| Author(s) | Friedrich Engels |
|---|---|
| Written | 2 February 1881 |
ENGELS TO EDUARD BERNSTEIN
IN ZURICH
London, 2 February 1881
Dear Mr Bernstein,
Enclosed a letter to Kautsky,[1] which kindly forward; I don't know whether the Vienna address I was given is still the right one.
The 5 nos. of the Sozialdemokrat since the year began testify to a significant step forward. Gone are the melancholy, despairing tones of a 'beaten man', the complementary grandiloquence of stuffy respectability, the incessant revolutionary rhetoric à la Most alternating with philistine tameness, finally the constant preoccupation with Most. The tone has become lively and purposeful. The paper will no longer act as an opiate if it stays like this; rather it will put new heart into our people in Germany. As you have the Neue Rheinische Zeitung you would do well to take a look at it occasionally. The mockery and contempt with which we treated our opponents were precisely what brought us in almost 6,000 subscribers in the 6 months prior to the state of siege[2] and, although we started again from scratch in November, we again had the full tally and more by May '49. The Kölnische Zeitung has now admitted that in those days it only had 9,000.

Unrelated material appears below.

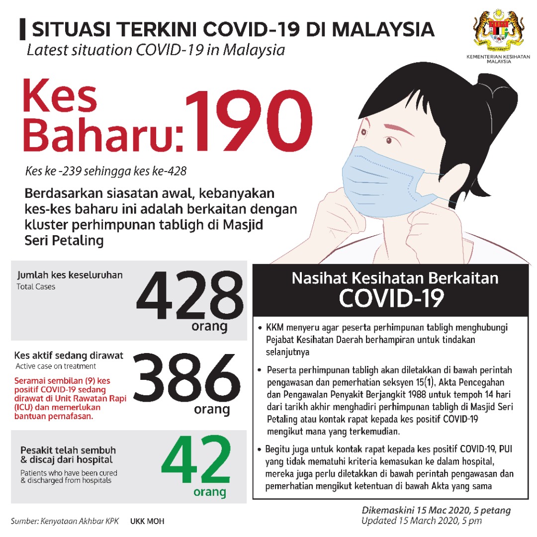 COVID-19 - Situasi Semasa 15/03/2020 0500 PM Asrul Siaran Media 15 Mac 2020 Jumlah paparan: 938 Rating: ( 0 Rating ) Sila beri kadar Undi 1 Undi 2 Undi 3 Undi 4 Undi 5 Lihat / Muat Turun JPG Facebook Twitter Seterusnya Seterusnya

As it seems that you are short of material for your feuilleton, you might, sometime, reprint the poem from No. 44 of 1848: 'This morning I went to Düsseldorf; possibly with the title 'A Socialist-Eater of 1848' (feuilleton to the Neue Rheinische Zeitung of 14 July 1848) and, under it, the author: Georg Weerth (died Havana, 1856).[3] So just keep it up!
Yours,
F. E.
'Thou shalt not steal' and the apology for the execution of Louis XVI are very good.